Task requirements — Copy out each line of the material in which the word "color" can be found.

Input data START

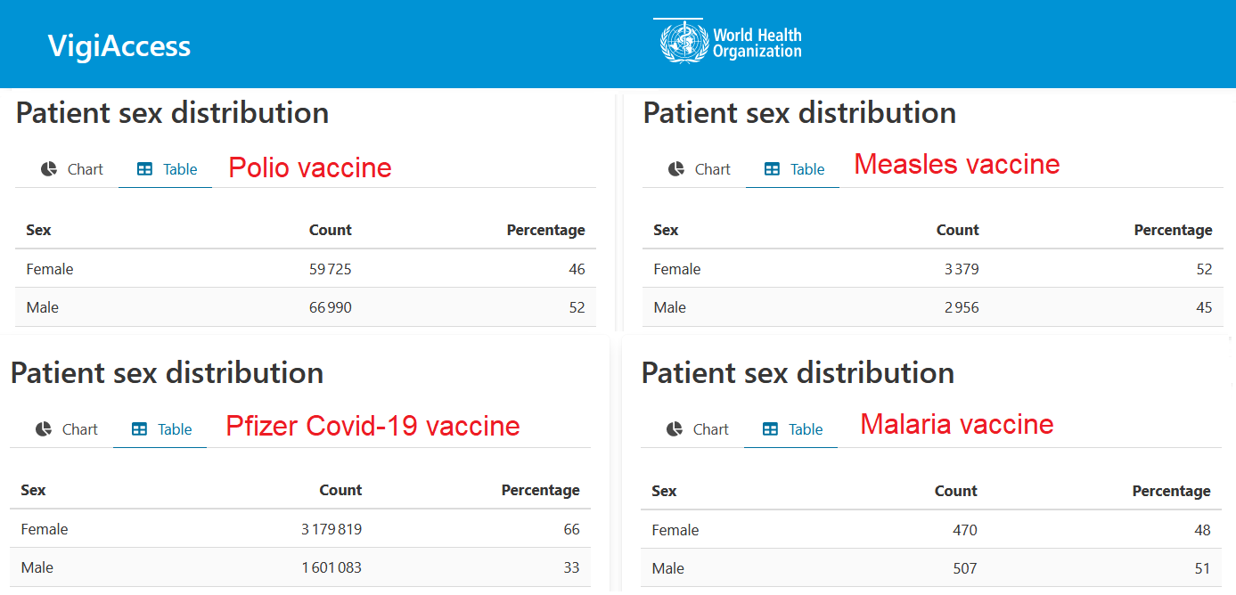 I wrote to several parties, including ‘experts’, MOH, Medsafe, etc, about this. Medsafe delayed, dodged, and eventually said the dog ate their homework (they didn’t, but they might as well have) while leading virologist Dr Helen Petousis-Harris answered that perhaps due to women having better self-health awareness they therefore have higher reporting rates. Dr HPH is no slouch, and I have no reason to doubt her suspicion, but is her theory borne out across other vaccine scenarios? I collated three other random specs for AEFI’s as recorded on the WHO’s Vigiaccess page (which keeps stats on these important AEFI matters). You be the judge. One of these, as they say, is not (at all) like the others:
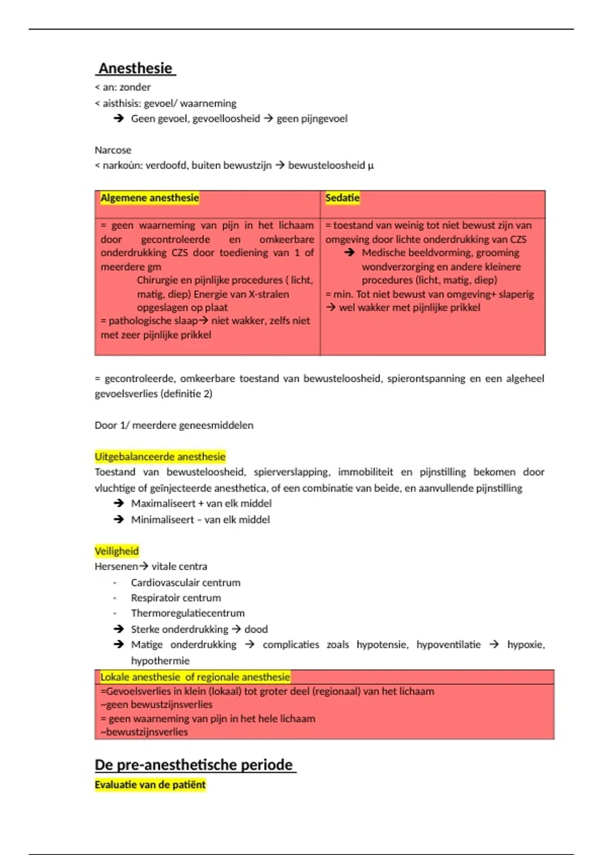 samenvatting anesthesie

Input data END
Input data START

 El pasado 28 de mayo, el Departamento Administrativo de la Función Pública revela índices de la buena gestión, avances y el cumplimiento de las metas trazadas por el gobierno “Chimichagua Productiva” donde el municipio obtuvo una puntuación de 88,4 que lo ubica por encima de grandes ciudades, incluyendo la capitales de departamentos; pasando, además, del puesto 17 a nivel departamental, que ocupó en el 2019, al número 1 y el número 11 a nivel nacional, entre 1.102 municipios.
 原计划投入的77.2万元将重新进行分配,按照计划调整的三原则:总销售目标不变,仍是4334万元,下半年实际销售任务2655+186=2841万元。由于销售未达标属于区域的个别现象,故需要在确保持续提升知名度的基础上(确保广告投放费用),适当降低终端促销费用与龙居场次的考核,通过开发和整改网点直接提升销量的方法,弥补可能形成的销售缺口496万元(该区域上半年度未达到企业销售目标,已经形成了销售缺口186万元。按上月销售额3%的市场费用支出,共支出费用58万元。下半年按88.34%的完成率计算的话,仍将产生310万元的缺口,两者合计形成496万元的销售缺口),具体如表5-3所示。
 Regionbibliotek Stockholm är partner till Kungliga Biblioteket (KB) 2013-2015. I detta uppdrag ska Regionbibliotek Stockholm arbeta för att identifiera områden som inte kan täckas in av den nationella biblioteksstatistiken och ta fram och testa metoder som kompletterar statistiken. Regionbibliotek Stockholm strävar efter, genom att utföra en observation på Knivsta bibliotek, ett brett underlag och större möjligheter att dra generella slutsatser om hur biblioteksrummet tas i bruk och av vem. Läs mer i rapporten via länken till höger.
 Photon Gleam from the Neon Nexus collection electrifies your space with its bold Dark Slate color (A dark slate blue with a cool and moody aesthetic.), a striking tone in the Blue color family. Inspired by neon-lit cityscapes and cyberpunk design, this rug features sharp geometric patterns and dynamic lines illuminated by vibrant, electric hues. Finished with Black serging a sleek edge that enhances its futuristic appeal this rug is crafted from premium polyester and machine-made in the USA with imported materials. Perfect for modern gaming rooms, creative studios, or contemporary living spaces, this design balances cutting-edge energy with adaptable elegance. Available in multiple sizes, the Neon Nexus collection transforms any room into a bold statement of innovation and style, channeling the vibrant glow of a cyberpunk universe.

Input data END
Input data START

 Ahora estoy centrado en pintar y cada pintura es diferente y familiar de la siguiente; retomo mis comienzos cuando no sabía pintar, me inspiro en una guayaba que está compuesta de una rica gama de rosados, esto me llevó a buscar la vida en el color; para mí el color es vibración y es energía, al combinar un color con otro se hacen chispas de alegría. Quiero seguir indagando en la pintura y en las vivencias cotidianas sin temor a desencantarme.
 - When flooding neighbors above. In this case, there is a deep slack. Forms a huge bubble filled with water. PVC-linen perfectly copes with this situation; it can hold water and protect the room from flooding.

Input data END

Completed task —
 Photon Gleam from the Neon Nexus collection electrifies your space with its bold Dark Slate color (A dark slate blue with a cool and moody aesthetic.), a striking tone in the Blue color family. Inspired by neon-lit cityscapes and cyberpunk design, this rug features sharp geometric patterns and dynamic lines illuminated by vibrant, electric hues. Finished with Black serging a sleek edge that enhances its futuristic appeal this rug is crafted from premium polyester and machine-made in the USA with imported materials. Perfect for modern gaming rooms, creative studios, or contemporary living spaces, this design balances cutting-edge energy with adaptable elegance. Available in multiple sizes, the Neon Nexus collection transforms any room into a bold statement of innovation and style, channeling the vibrant glow of a cyberpunk universe.
 Ahora estoy centrado en pintar y cada pintura es diferente y familiar de la siguiente; retomo mis comienzos cuando no sabía pintar, me inspiro en una guayaba que está compuesta de una rica gama de rosados, esto me llevó a buscar la vida en el color; para mí el color es vibración y es energía, al combinar un color con otro se hacen chispas de alegría. Quiero seguir indagando en la pintura y en las vivencias cotidianas sin temor a desencantarme.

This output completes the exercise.